**TASK GOAL**.
When copying the data below, keep only the lines from the one with "Thangka painters are" through the one with "Made In India", word for word, and skip the pictures.

**AVAILABLE DATA**.
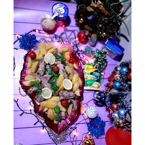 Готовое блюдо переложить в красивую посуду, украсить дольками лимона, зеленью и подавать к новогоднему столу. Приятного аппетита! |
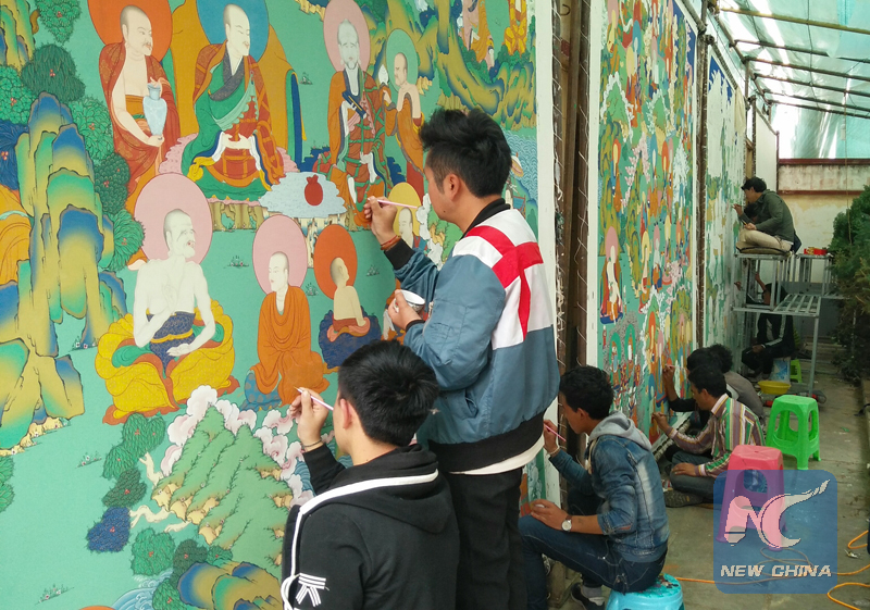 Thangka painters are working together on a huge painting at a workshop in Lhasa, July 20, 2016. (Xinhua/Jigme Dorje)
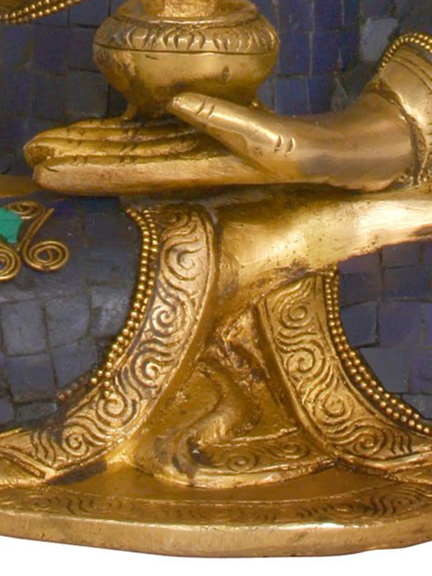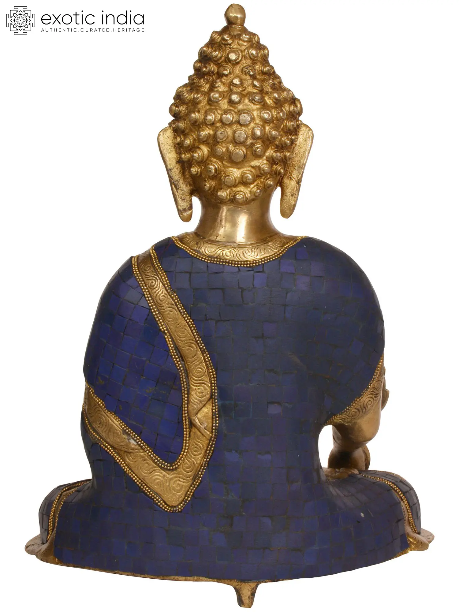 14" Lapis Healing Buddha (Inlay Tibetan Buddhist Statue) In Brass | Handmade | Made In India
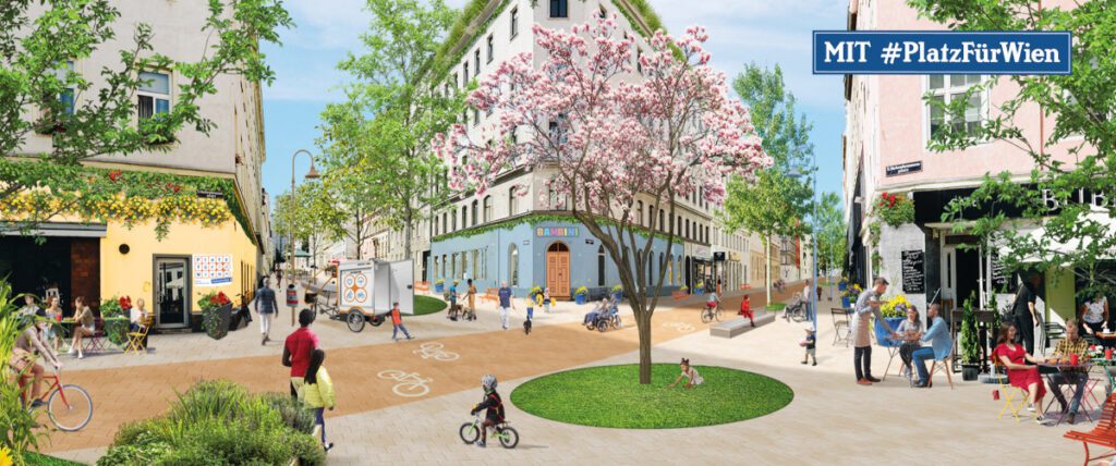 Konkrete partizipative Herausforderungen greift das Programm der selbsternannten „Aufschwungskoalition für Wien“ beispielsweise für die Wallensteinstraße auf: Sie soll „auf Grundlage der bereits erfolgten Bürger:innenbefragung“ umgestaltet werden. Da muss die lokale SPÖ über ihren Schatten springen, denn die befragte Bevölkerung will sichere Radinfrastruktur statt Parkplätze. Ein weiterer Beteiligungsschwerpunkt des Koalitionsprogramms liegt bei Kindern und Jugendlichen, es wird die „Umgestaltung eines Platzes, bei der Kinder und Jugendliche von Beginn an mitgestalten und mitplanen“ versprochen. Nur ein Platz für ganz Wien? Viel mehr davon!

**RESPONSE BELOW**.
 Thangka painters are working together on a huge painting at a workshop in Lhasa, July 20, 2016. (Xinhua/Jigme Dorje)
 14" Lapis Healing Buddha (Inlay Tibetan Buddhist Statue) In Brass | Handmade | Made In India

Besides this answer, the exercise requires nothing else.